* _Given entries_

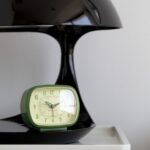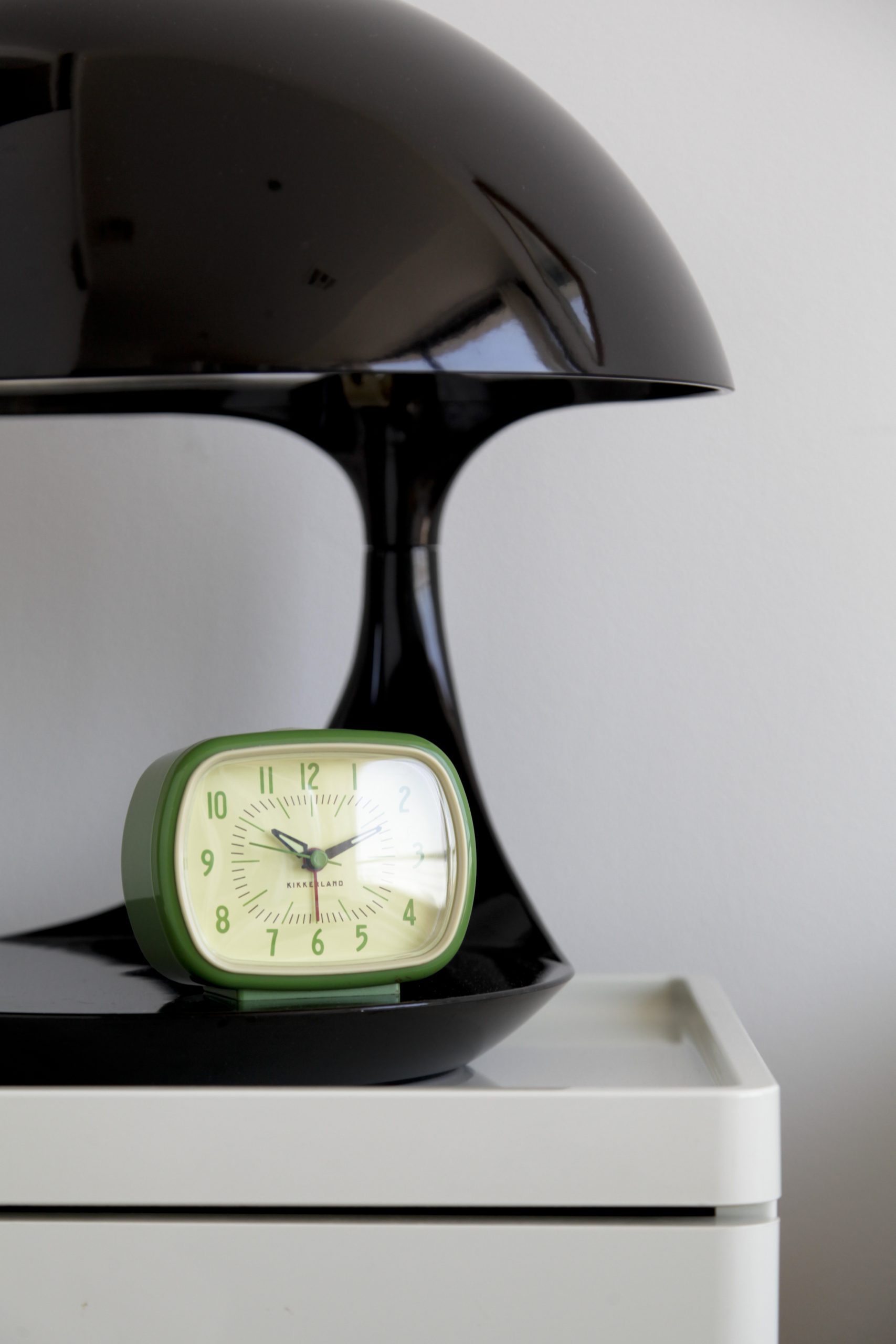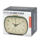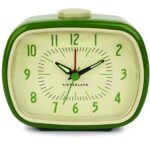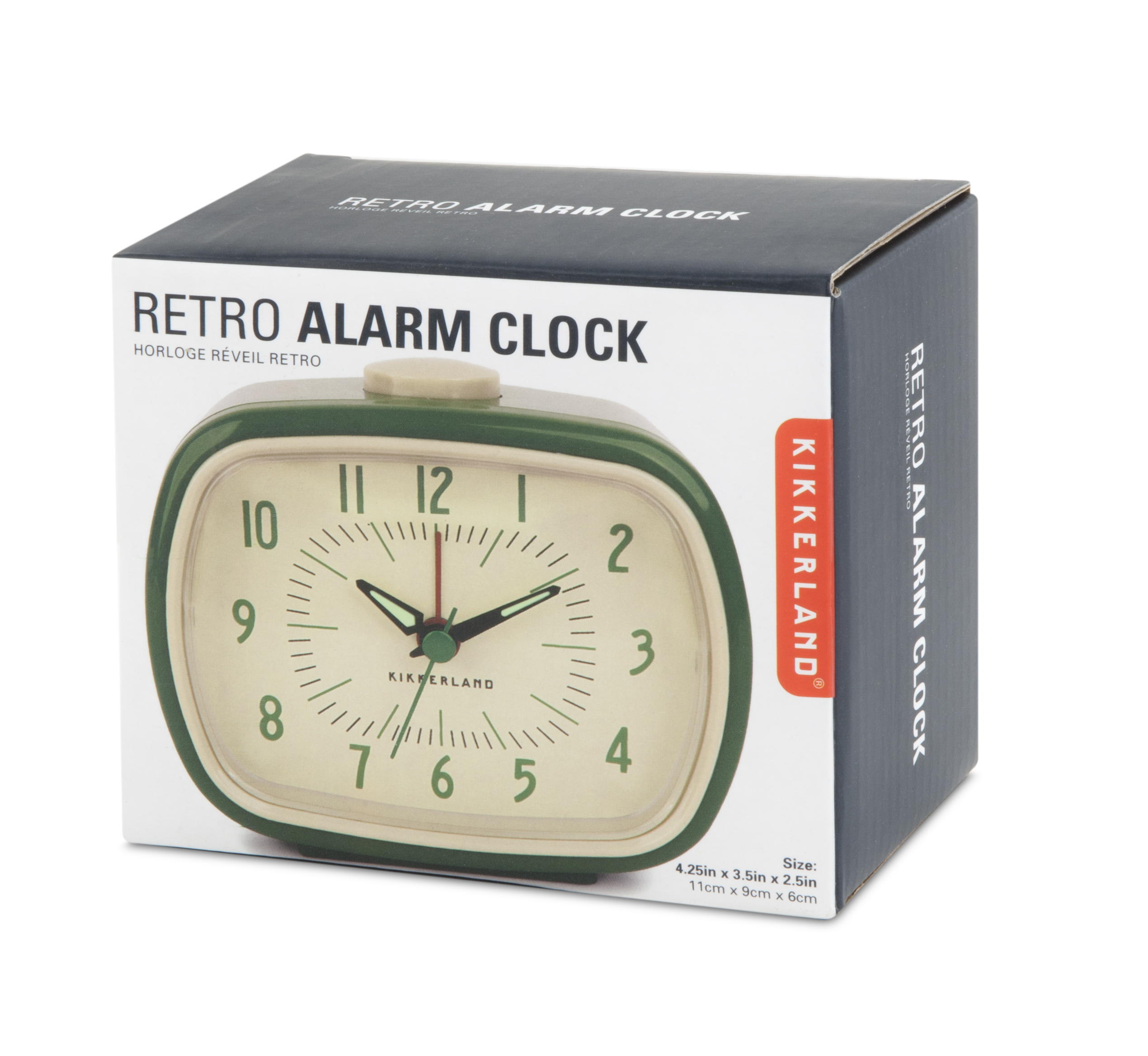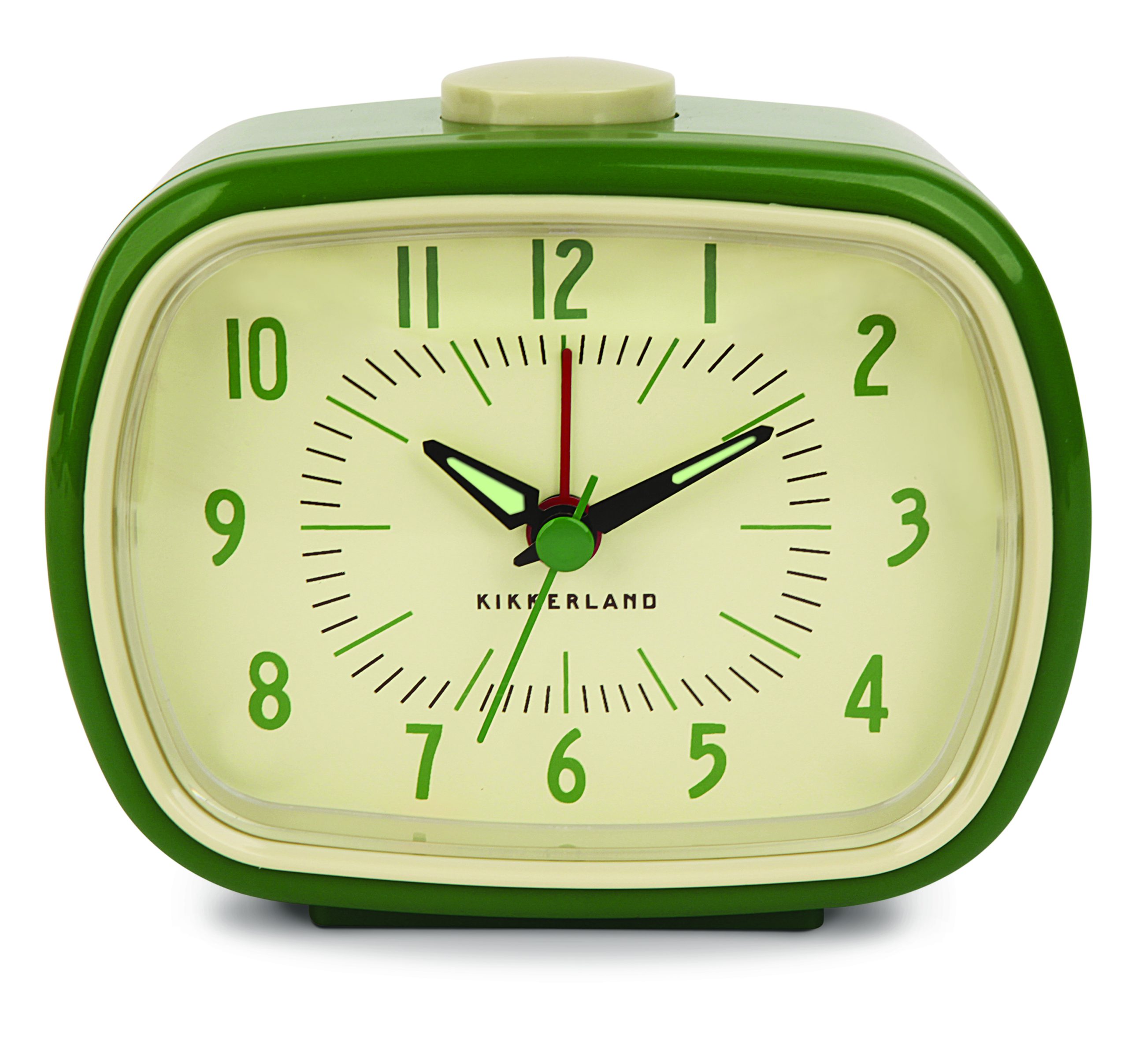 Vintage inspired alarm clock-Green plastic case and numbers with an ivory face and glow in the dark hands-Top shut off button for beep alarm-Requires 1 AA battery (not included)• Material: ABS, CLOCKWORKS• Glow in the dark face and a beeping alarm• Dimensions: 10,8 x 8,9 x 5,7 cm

* * *

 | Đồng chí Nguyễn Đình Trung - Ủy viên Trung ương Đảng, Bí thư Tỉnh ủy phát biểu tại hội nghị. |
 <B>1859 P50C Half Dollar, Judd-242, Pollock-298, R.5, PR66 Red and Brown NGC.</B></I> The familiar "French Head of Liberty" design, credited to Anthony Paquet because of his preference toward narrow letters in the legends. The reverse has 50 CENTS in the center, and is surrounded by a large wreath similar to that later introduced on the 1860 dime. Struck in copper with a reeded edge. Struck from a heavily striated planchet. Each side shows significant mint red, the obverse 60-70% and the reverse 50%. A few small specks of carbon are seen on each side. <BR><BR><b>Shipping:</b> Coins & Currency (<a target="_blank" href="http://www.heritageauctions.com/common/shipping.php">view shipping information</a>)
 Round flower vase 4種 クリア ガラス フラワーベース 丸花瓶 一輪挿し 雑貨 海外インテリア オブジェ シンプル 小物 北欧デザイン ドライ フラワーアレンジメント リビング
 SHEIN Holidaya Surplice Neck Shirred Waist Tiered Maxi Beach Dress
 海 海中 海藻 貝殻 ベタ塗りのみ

* _What this task involves_
Look above for the line with "<B>1859 P50C Half" and the line with "海 海中 海藻 貝殻 ベタ塗りのみ". Retype those two lines and every line between them exactly, adding nothing.

* _Task response_
 <B>1859 P50C Half Dollar, Judd-242, Pollock-298, R.5, PR66 Red and Brown NGC.</B></I> The familiar "French Head of Liberty" design, credited to Anthony Paquet because of his preference toward narrow letters in the legends. The reverse has 50 CENTS in the center, and is surrounded by a large wreath similar to that later introduced on the 1860 dime. Struck in copper with a reeded edge. Struck from a heavily striated planchet. Each side shows significant mint red, the obverse 60-70% and the reverse 50%. A few small specks of carbon are seen on each side. <BR><BR><b>Shipping:</b> Coins & Currency (<a target="_blank" href="http://www.heritageauctions.com/common/shipping.php">view shipping information</a>)
 Round flower vase 4種 クリア ガラス フラワーベース 丸花瓶 一輪挿し 雑貨 海外インテリア オブジェ シンプル 小物 北欧デザイン ドライ フラワーアレンジメント リビング
 SHEIN Holidaya Surplice Neck Shirred Waist Tiered Maxi Beach Dress
 海 海中 海藻 貝殻 ベタ塗りのみ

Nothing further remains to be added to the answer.